Figure 1: The Time Catch-22

The Catch-22, or “vicious cycle” above begins with the highlighted issue, which is poor data and process quality. This fundamental problem then goes on to affect the entire reserving process, and to fuel the propagation of this cycle.

The actions that actuaries can take regarding data issues varies widely between companies.

• Some actuarial teams are unable to fix poor data, as the processing of this data lies outside the remit of their department…
  • …or the data is provided via a third party…
  • …often in a format that may be difficult to work with, particularly for ML purposes.
• Conversely, many teams can play too great a role in fixing data issues themselves…
  • …rather than tackling them at source via a third party…
  • …or notifying other departments, whose role it is to fix the underlying data.

Process errors, however, frequently lie within the remit of the actuarial team, and as such can be addressed by the team themselves. For this reason, these will be the main focus of discussion in this longer-form article.

Process Issues

Process issues are common in any industry that deals with large amounts of data, and the insurance industry is no exception.

With many changes in the adoption of that technology and software across the market in recent years, it is not uncommon to find data processes that have one or more of the following issues:

The issue regarding manual steps is often one of the most pressing, as one manual step or “quick fix” can spiral into the creation of further “quick fixes” down the line, making processes more difficult and time-consuming to run correctly.

These issues with data processes can be true for many reasons, including:

• Lack of process documentation, often caused or exacerbated by:
  • Lack of attention from senior management…
  • …leading to a lack of staff training to develop sustainable, robust processes…
  • …leading to a lack of attention from staff
• Staff or resourcing problems, such as:
  • Frequent changes of staff within the department
    • Changes in the level of technical expertise in the actuarial team
    • Changes in the software preferences of those staff
  • Key person risk - reliance on a single staff member to run a process…
    • …and frustrations with inefficient processes leading to resignations
  • Frequent moving of the process to different departments in the business, where expertise in different coding languages and/or software is an issue

Once again, it should be noted that whatever the reason for process issues or inefficiencies, the outcome is the same when it comes to the pressure on staff time, and the resultant inability of the staff to invest in ML techniques.

Complexity of Processes

The diagram below illustrates where such inefficiencies might occur within a typical reserving department data process:

Figure 2: A possible typical reserving process

In some organisations, who have begun to adopt ML in their reserving processes, the process could potentially be even more complicated, and may involve the running of an R or Python script at any stage between the generation of the raw data and the production of the report.

A valid question at this point may be this – why would having a process designed in this way take any longer to run than a process that relies on, for example, a single script?

The answer to this question is complex.

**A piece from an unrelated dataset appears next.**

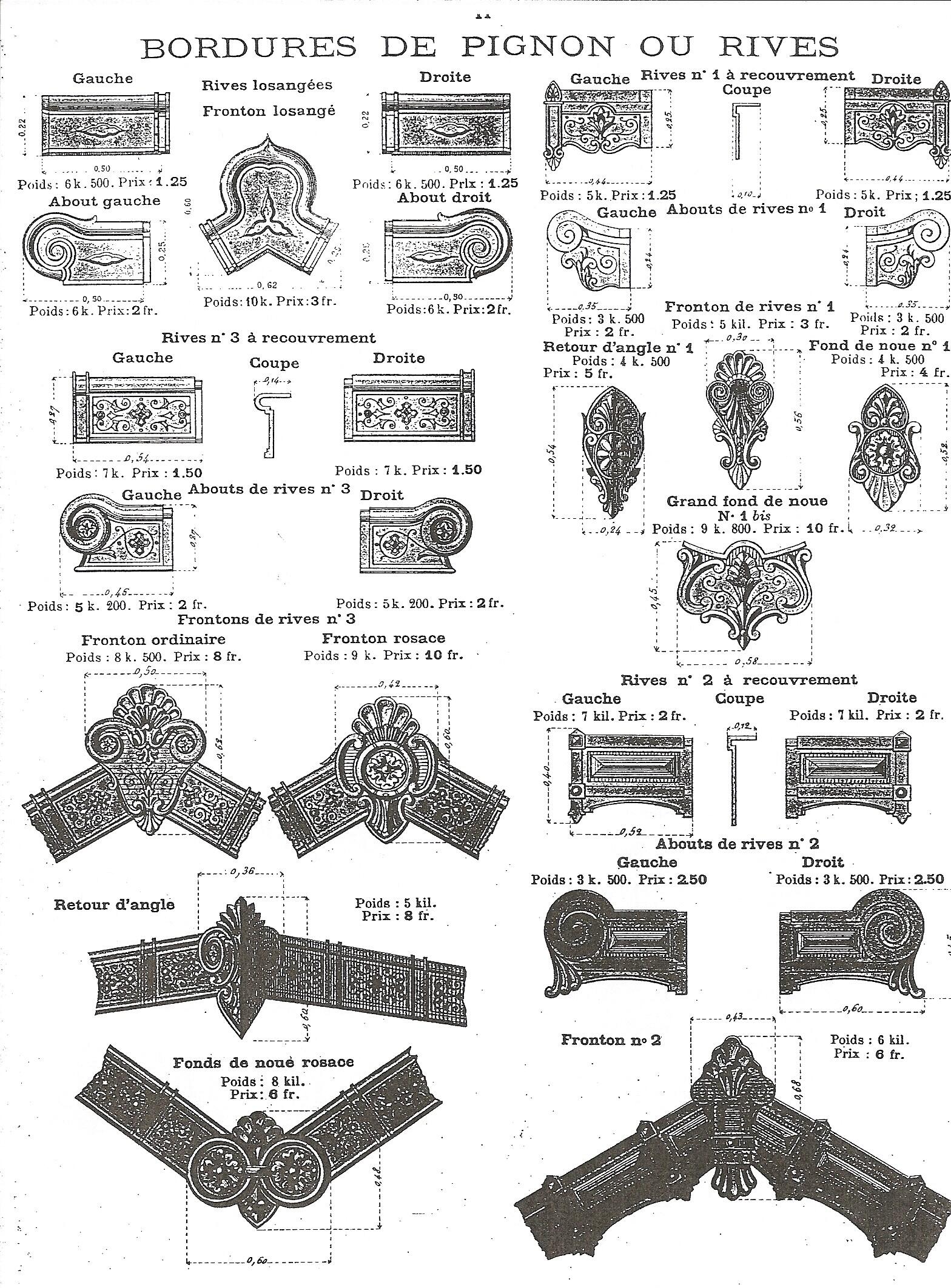 Page consacrée aux bordures de pignon ou rives, détail . Catalogue de la production des Etablissements Céramique de Villequier, 1890. (Collection particulière)Immatriculation

In theory, if such a process is:

• Well-documented
• Largely free of the aforementioned manual steps and “quick fixes”
• Fixed in a sustainable way when errors occur

There should not be any issues. However, in practice, it has been the author’s experience that this is rarely the case, and in fact, the following sequence of steps is generally true:

Figure 3: The impact of a complex multi-stage process

In general, the longer the process and the more stages the process goes through, the longer it will take to run in practice.

It is important to note that:

• The issues with the process do not typically appear at the stage in which actuarial judgement must be applied…
• …but at a processing stage prior to exercising this judgement.
• Despite this occurring at a processing stage…
• …the knock-on effects from longer required processing not only impacts the time of analysts, but also the time of senior reviewers.

Software Considerations

In assessing inefficiencies within a reserving process, a major factor that we must consider is the type of software used, particularly regarding the following practical considerations:

Many reserving processes involve at least one stage where the data must be processed in Excel. It is worth noting that this thinking can be applied to any other software, but as Excel is so commonly used for reserving in the UK market at this time, it makes sense to assess this software with respect to the considerations outlined above.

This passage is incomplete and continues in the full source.